- The poster for UFC Fight Night: Overeem vs. Volkov
- Promotion: Ultimate Fighting Championship
- Date: February 6, 2021
- Venue: UFC Apex
- City: Enterprise, Nevada, United States
- Attendance: None (behind closed doors)

Event chronology
| UFC 257: Poirier vs. McGregor 2 | UFC Fight Night: Overeem vs. Volkov | UFC 258: Usman vs. Burns |

= UFC Fight Night: Overeem vs. Volkov =

2021 mixed martial arts event

UFC Fight Night: Overeem vs. Volkov (also known as UFC Fight Night 184, UFC on ESPN+ 42 and UFC Vegas 18) was a mixed martial arts event produced by the Ultimate Fighting Championship that took place on February 6, 2021 at the UFC Apex facility in Enterprise, Nevada, part of the Las Vegas Metropolitan Area, United States.

== Background ==
A heavyweight bout between the 2010 K-1 World Grand Prix Champion, former Strikeforce Heavyweight Champion and UFC Heavyweight Championship challenger Alistair Overeem and former Bellator Heavyweight World Champion Alexander Volkov served as the event headliner.
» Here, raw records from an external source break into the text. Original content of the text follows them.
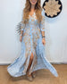 SPESIFIKASJONER Stil: Elegant Materiale: 100% Polyester Kjole type: A-line Kjolens lengde: Maxi Halslinje: Slag Mønstertype: Blomstret Ermetype: Vanlig erme Erme lengde: Langermet Detaljer: Spalte Passform type: Vanlig Årstid: Vår, Sommer Anledning: Daglig Pakken inkluderer: 1 x Kjole STØRRELSESTABELL (cm) Størrelse Bryst Lengde Ar...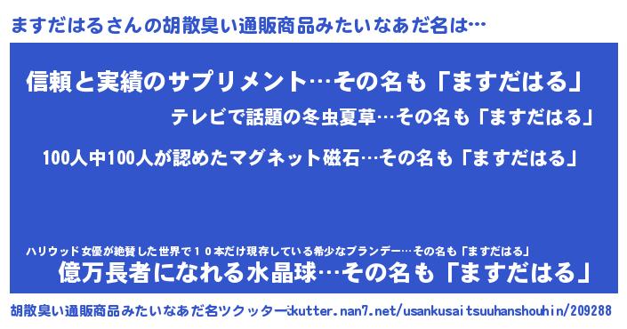 | ヘコむあだ名 | 『ますを』『ますふぇ~』『なまこ酢』 |
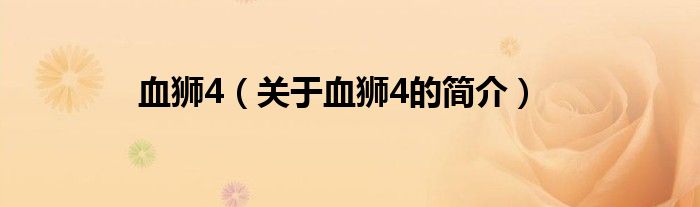 大家好,血獅4,關(guān)于血獅4的簡介很多人還不知道,現(xiàn)在讓我們一起來看看吧!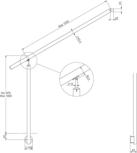 DOLLE Geländer Edelstahl Hauseingang seitliche Montage 1 Pfosten mit Wandanschluss Länge 150 cm Höhe 100 cm witterungsbeständig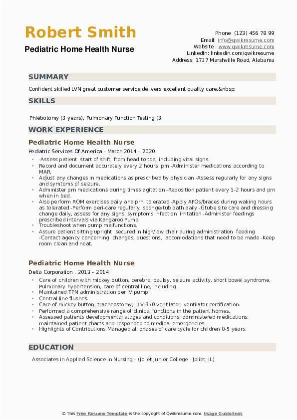 9 photos of the Sample Resume Pediatric Home Health Nurse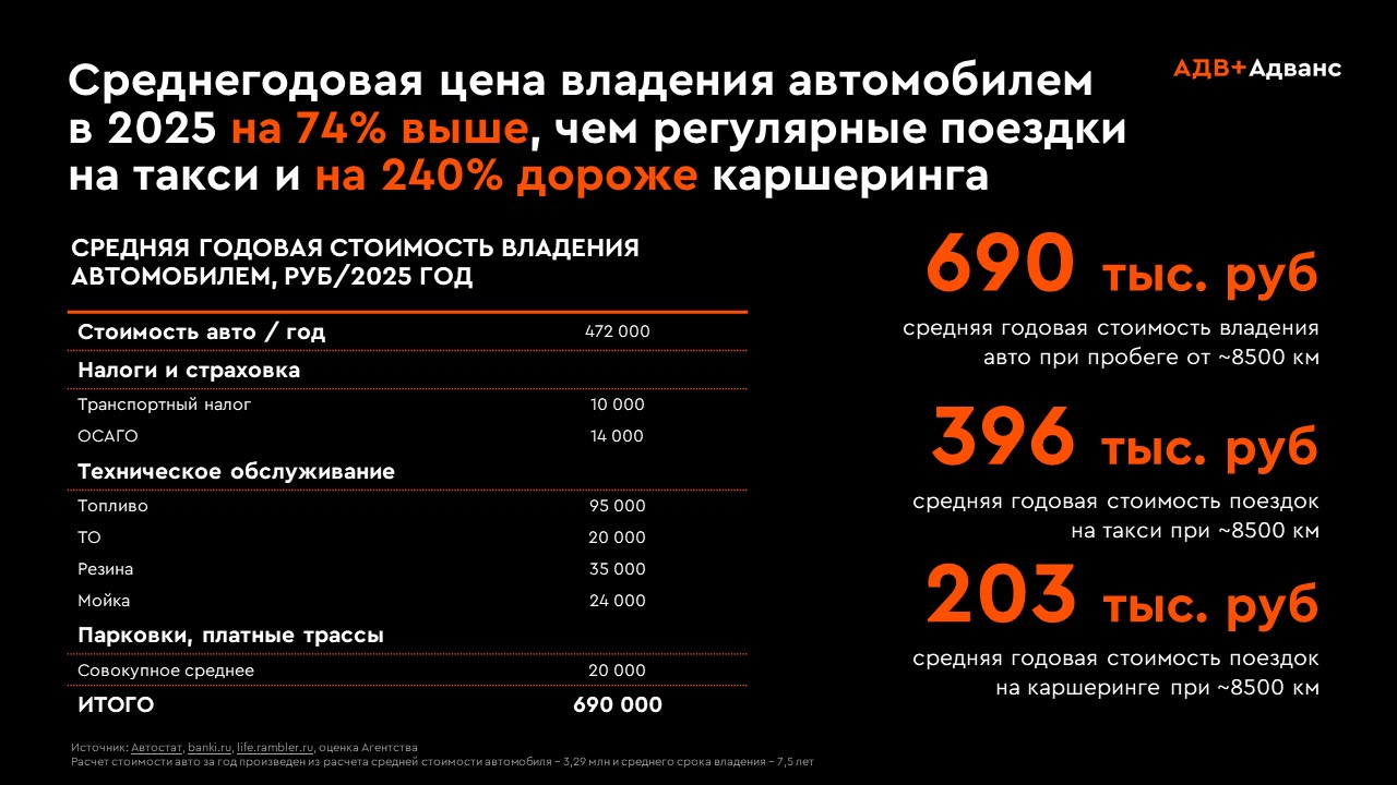 Дополнительно меняется экономика владения. Среднегодовые расходы на автомобиль — около 690 тыс. руб. против 396 тыс. на такси и 203 тыс. на каршеринг (источник: «Автостат», banki.ru, life.rambler.ru, оценка «Адванс»). Это не приводит к отказу от личного транспорта, но усиливает требование к обоснованию покупки. Решение становится более взвешенным, цикл — длиннее.

A bantamweight bout between Cory Sandhagen and former UFC Lightweight Champion Frankie Edgar took place at the event. Their first meeting was previously scheduled to happen in January 2020 at UFC Fight Night: Blaydes vs. dos Santos, but Edgar was removed from the fight in favour of a bout against former UFC Featherweight Championship challenger Chan Sung Jung a month earlier at UFC Fight Night: Edgar vs. The Korean Zombie.

A flyweight bout between Alexandre Pantoja and former Rizin FF Bantamweight Champion Manel Kape was originally scheduled to take place at UFC Fight Night: Thompson vs. Neal in early December, but Pantoja pulled out of the fight due to COVID-19 symptoms. The pairing was then rescheduled for this event.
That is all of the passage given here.